What this task involves:
Take the listing below and output it exactly, with no images.

Source data:
BEGIN
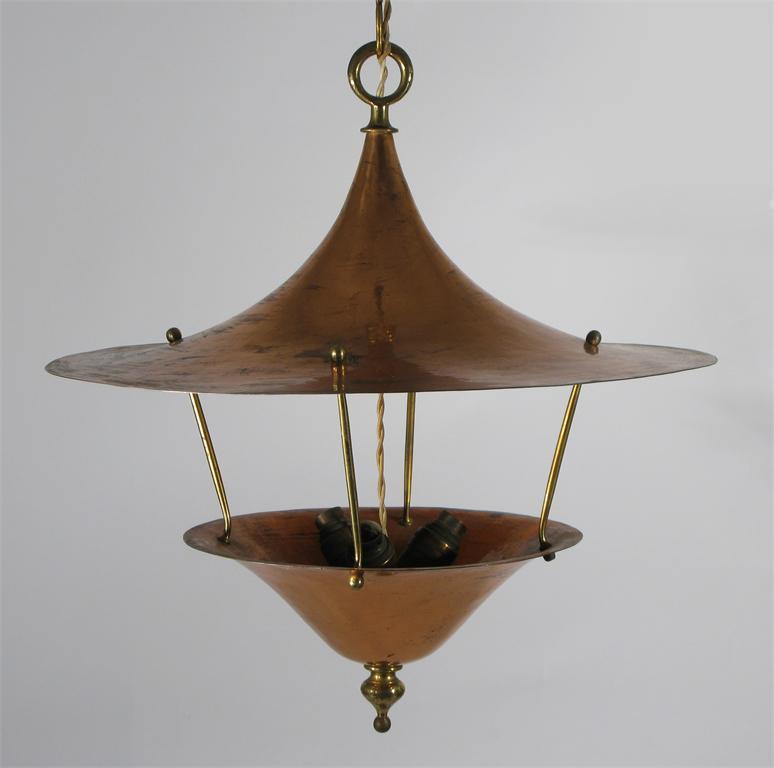 A large copper and brass hanging lantern probably Birmingham Guild of Handicraft
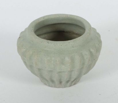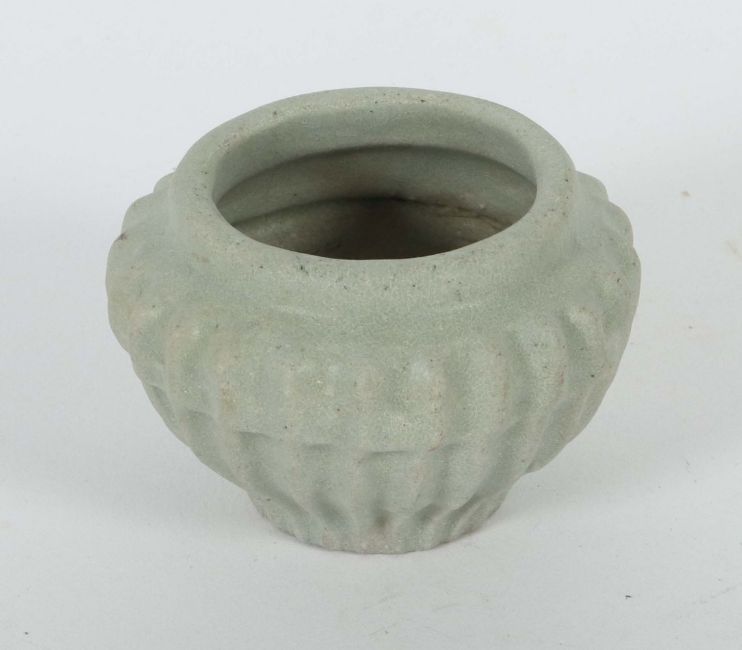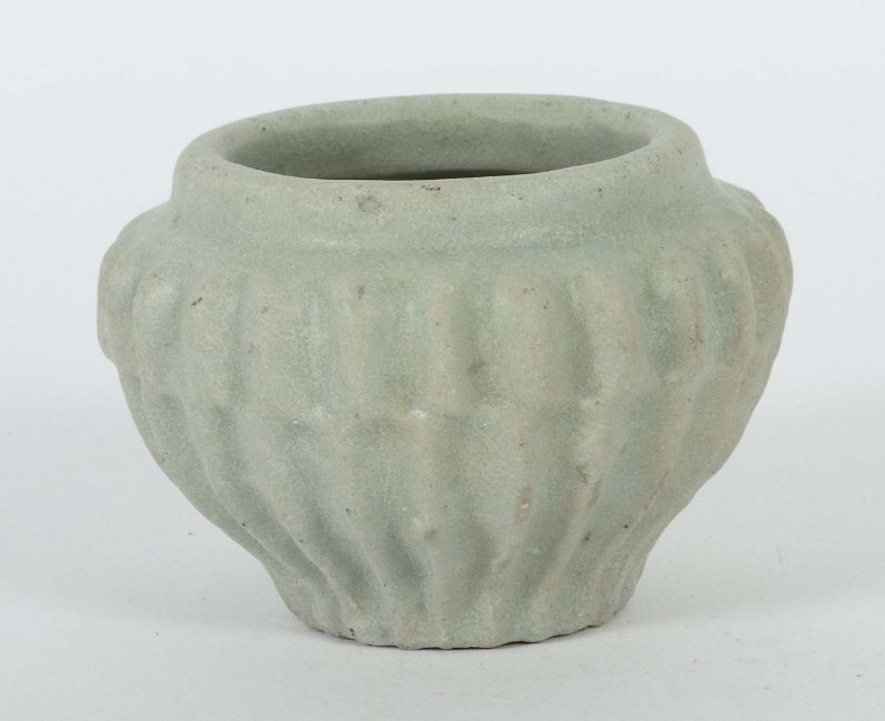 China, Song-Dynastie, 960 - 1279, Steingut, grauer Scherben, glasiert, die Wandung vollflächig gerippt mit Absatz im oberen Drittel, HxD: ca. 5/6,5 cm. Provenienz: Bayerische Privatsammlung.
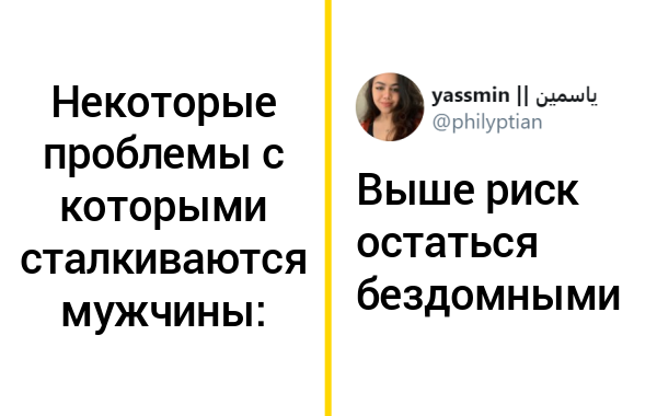 Психотерапевт написал 20 причин, почему мужчинам живётся тяжелее, чем женщинам, и с этим трудно поспорить соцсети 24.11.2020 1108
END
Task result:
 A large copper and brass hanging lantern probably Birmingham Guild of Handicraft
 China, Song-Dynastie, 960 - 1279, Steingut, grauer Scherben, glasiert, die Wandung vollflächig gerippt mit Absatz im oberen Drittel, HxD: ca. 5/6,5 cm. Provenienz: Bayerische Privatsammlung.
 Психотерапевт написал 20 причин, почему мужчинам живётся тяжелее, чем женщинам, и с этим трудно поспорить соцсети 24.11.2020 1108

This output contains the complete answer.